Cooperberg et al. have certainly provided a useful example of how different treatments supervised by clinicians may be valued by those that pay the bills. A parting thought is if only clinicians of differing specialties could collaborate on large definitive RCTs we would not need to rely on predictive models based on imperfect data.

 

Robert Pickard is a Professor of Urology at the Institute of Cellular Medicine, Newcastle University, Newcastle upon Tyne, UK. email: [email protected]

Luke Vale is Health Foundation Chair in Health Economics at the Institute of Health & Society, Newcastle University, Newcastle upon Tyne, UK. email: [email protected]

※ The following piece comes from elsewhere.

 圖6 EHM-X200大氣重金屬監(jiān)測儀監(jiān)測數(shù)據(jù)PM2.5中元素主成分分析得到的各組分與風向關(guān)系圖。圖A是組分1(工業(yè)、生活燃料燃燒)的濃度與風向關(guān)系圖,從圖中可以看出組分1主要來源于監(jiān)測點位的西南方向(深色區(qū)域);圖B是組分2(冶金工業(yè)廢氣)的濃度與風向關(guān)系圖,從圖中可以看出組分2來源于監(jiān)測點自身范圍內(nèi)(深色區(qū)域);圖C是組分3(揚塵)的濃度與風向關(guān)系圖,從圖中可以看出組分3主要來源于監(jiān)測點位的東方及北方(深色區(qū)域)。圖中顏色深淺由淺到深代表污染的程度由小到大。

Video: Dr Cooperberg’s article commentary on prostate cancer treatment

Primary treatments for clinically localised prostate cancer: a comprehensive lifetime cost-utility analysis

Matthew R. Cooperberg, Naren R. Ramakrishna, Steven B. Duff*, Kathleen E. Hughes, Sara Sadownik, Joseph A. Smith§ and Ashutosh K. Tewari

Departments of Urology and Epidemiology and Biostatistics, UCSF Helen Diller Family Comprehensive Cancer Center, San Francisco, CA, *Veritas Health Economics Consulting, Inc., Carlsbad, CA, Department of Radiation Oncology, MD Anderson Cancer Center, Orlando, FL, Avalere Health LLC, Washington, DC, §Department of Urologic Surgery, Vanderbilt University, Nashville, TN, and Department of Urology, Cornell University, New York, NY, USA

OBJECTIVE

• To characterise the costs and outcomes associated with radical prostatectomy (open, laparoscopic, or robot-assisted) and radiation therapy (RT: dose-escalated three-dimensional conformal RT, intensity-modulated RT, brachytherapy, or combination), using a comprehensive, lifetime decision analytical model.

PATIENTS AND METHODS

• A Markov model was constructed to follow hypothetical men with low-, intermediate-, and high-risk prostate cancer over their lifetimes after primary treatment; probabilities of outcomes were based on an exhaustive literature search yielding 232 unique publications.

• In each Markov cycle, patients could have remission, recurrence, salvage treatment, metastasis, death from prostate cancer, and death from other causes.

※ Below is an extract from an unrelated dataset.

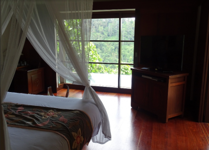 Unsere Panoramic Villa war wirklich wunderschön. Die knapp 100qm große Villa besteht aus einem großen Schlafraum mit riesiger Panoramascheibe für den Blick über den privaten Pool hinweg ins Tal und einem sehr großen Badezimmer. An Ausstattung wird hier natürlich allerlei geboten: Vom großem Flat-Screen (wer´s braucht…) über Badewanne, bis hin zu einem Bluetooth-fähigem Soundsystem von Bose (damit haben wir unsere Villa natürlich schön beschallt ;-)).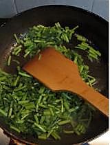 把米饭和茼蒿炒均匀,火再小一些,不停地炒

• Utilities for each health state were determined, and disutilities were applied for complications and toxicities of treatment.

• Costs were determined from the USA payer perspective, with incorporation of patient costs in a sensitivity analysis.

RESULTS

• Differences across treatments in quality-adjusted life years across methods were modest, ranging from 10.3 to 11.3 for low-risk patients, 9.6–10.5 for intermediate-risk patients and 7.8–9.3 for high-risk patients.

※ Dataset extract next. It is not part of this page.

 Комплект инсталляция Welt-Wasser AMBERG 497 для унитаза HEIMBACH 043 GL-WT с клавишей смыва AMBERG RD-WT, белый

• There were no statistically significant differences among surgical methods, which tended to be more effective than RT methods, with the exception of combined external beam + brachytherapy for high-risk disease.

• RT methods were consistently more expensive than surgical methods; costs ranged from $19 901 (robot-assisted prostatectomy for low-risk disease) to $50 276 (combined RT for high-risk disease).

• These findings were robust to an extensive set of sensitivity analyses.

CONCLUSIONS

• Our analysis found small differences in outcomes and substantial differences in payer and patient costs across treatment alternatives.

• These findings may inform future policy discussions about strategies to improve efficiency of treatment selection for localised prostate cancer.